Дневник. Том 1. 1901-1929 | страница 4
Но все это лишь один, и, в сущности, поверхностный, взгляд, который возможен, чтобы представить читателю эту книгу. Сложнее и результативнее другой. Не портреты, сколько бы они ни поражали своей свежестью и новизной, интересны и характерны для этого дневника. Все они представляют лишь фрагменты портрета самого автора — его надежд, его «болей и обид», его на первый взгляд счастливой, а на деле трагической жизни. Я уже упоминал, что ему мешали. Это сказано приблизительно, бледно, неточно. Евг. Шварц написал о нем осуждающую статью «Белый волк» — Чуковский рано поседел. Но для того, чтобы действовать в литературе, и надо было стать волком. Но что-то я не слышал, чтобы волки плакали. А Корней Иванович часто плачет — и наедине и на людях. Что-то я не слышал, чтобы волки бросались на помощь беспомощным больным старушкам или делились последней пятеркой с голодающим литератором. И чтобы волки постоянно о ком-то заботились, кому-то помогали.
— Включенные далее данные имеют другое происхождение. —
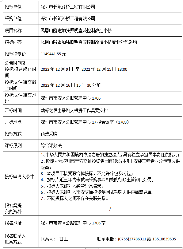 凤凰山隧道加强照明直流控制改造小修招标公告
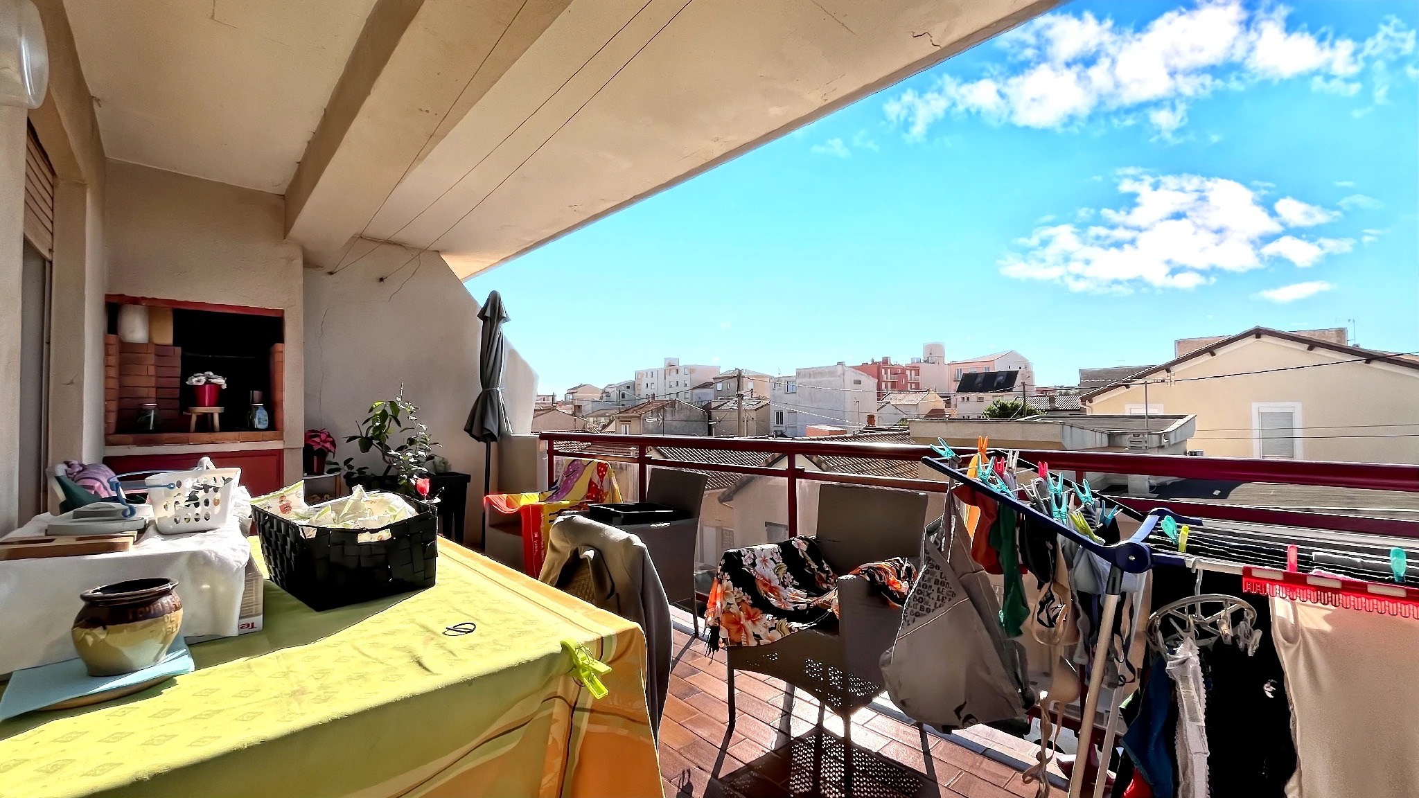 L'appartement se compose d'un salon-séjour lumineux donnant accès à une grande terrasse d'angle équipée d'un barbecue, d'une cuisine séparée, de deux chambres avec grands placards dont une avec balcon, d'une salle de bain et d'un WC indépendant.

Уезжая из Кисловодска, он записывает: «…Тоска. Здоровья не поправил. Отбился от работы. Потерял последние остатки самоуважения и воли. Мне пятьдесят лет, а мысли мои мелки и ничтожны. Горе (смерть маленькой дочки Мурочки — В. К.) не возвысило меня, а еще сильнее измельчило. Я неудачник, банкрот. После 30 лет каторжной литературной работы — я без гроша денег, без имени, «начинающий автор». Не сплю от тоски. Вчера был на детской площадке — единственный радостный момент моей кисловодской жизни. Ребята радушны, доверчивы, обнимали меня, тормошили, представляли мне шарады, дарили мне цветы, а мне все казалось, что они принимают меня за кого-то другого». Последняя фраза знаменательна. Чувство двойственности сопровождало его всю жизнь. Он находит его не только у себя, но и у других. Недаром из многочисленных разговоров с Горьким он выделяет его ошеломляющее признание: «Я ведь и в самом деле часто бываю двойствен. Никогда прежде я не лукавил, а теперь с новой властью приходится лукавить, лгать, притворяться. Я знаю, что иначе нельзя».
Проходит немного лет, и эту вынужденную двойственность он находит в поведении и в произведениях Михаила Слонимского: «Вчера был у меня Слонимский. Его «Средний проспект» разрешен. Но рассказывает страшные вещи». Слонимский рассказал о том, как цензура задержала, а потом разрешила «Записки поэта» Сельвинского и книгу Грабаря. «В конце концов задерживают не так уж и много, но сколько измотают нервов, пока выпустят. А задерживают немного, потому что мы все так развратились, так «приспособились», что уже не способны написать что-нибудь не казенное, искреннее. Я,— говорил Миша,— сейчас пишу одну вещь — нецензурную, которая так и пролежит в столе, а другую для печати — преплохую». На других страницах своих записок Корней Иванович рассказывает о множестве других бессмысленных решений ужесточающейся с каждым годом цензуры.